Would you return all of this data exactly, leaving nothing out?

Start of COLLECTED DATA

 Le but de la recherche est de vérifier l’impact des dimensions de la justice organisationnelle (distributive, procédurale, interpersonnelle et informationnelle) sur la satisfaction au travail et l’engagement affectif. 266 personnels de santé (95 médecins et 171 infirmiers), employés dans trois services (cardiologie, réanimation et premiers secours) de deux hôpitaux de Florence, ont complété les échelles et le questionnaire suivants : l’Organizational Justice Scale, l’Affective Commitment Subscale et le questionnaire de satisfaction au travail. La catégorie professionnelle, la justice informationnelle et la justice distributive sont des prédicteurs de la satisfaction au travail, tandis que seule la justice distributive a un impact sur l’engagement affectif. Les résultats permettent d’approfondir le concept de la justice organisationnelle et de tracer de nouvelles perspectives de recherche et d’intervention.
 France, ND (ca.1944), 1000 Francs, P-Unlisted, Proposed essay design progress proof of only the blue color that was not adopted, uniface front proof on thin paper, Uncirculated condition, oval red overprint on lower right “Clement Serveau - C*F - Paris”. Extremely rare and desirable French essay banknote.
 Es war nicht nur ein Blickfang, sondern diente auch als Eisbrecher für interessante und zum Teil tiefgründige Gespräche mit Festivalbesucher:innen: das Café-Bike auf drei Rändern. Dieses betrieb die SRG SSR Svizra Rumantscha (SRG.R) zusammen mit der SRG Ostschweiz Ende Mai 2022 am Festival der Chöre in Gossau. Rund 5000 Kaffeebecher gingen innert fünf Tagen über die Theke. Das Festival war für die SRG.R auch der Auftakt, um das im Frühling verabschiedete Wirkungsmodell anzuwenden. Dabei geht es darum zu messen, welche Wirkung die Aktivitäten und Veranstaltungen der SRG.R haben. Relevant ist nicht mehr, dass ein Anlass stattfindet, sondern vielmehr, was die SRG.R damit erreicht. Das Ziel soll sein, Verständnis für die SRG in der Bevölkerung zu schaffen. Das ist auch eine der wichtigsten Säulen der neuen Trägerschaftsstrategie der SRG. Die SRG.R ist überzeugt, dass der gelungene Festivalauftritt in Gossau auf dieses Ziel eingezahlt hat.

End of COLLECTED DATA

▶ [THE ANSWER]
 Le but de la recherche est de vérifier l’impact des dimensions de la justice organisationnelle (distributive, procédurale, interpersonnelle et informationnelle) sur la satisfaction au travail et l’engagement affectif. 266 personnels de santé (95 médecins et 171 infirmiers), employés dans trois services (cardiologie, réanimation et premiers secours) de deux hôpitaux de Florence, ont complété les échelles et le questionnaire suivants : l’Organizational Justice Scale, l’Affective Commitment Subscale et le questionnaire de satisfaction au travail. La catégorie professionnelle, la justice informationnelle et la justice distributive sont des prédicteurs de la satisfaction au travail, tandis que seule la justice distributive a un impact sur l’engagement affectif. Les résultats permettent d’approfondir le concept de la justice organisationnelle et de tracer de nouvelles perspectives de recherche et d’intervention.
 France, ND (ca.1944), 1000 Francs, P-Unlisted, Proposed essay design progress proof of only the blue color that was not adopted, uniface front proof on thin paper, Uncirculated condition, oval red overprint on lower right “Clement Serveau - C*F - Paris”. Extremely rare and desirable French essay banknote.
 Es war nicht nur ein Blickfang, sondern diente auch als Eisbrecher für interessante und zum Teil tiefgründige Gespräche mit Festivalbesucher:innen: das Café-Bike auf drei Rändern. Dieses betrieb die SRG SSR Svizra Rumantscha (SRG.R) zusammen mit der SRG Ostschweiz Ende Mai 2022 am Festival der Chöre in Gossau. Rund 5000 Kaffeebecher gingen innert fünf Tagen über die Theke. Das Festival war für die SRG.R auch der Auftakt, um das im Frühling verabschiedete Wirkungsmodell anzuwenden. Dabei geht es darum zu messen, welche Wirkung die Aktivitäten und Veranstaltungen der SRG.R haben. Relevant ist nicht mehr, dass ein Anlass stattfindet, sondern vielmehr, was die SRG.R damit erreicht. Das Ziel soll sein, Verständnis für die SRG in der Bevölkerung zu schaffen. Das ist auch eine der wichtigsten Säulen der neuen Trägerschaftsstrategie der SRG. Die SRG.R ist überzeugt, dass der gelungene Festivalauftritt in Gossau auf dieses Ziel eingezahlt hat.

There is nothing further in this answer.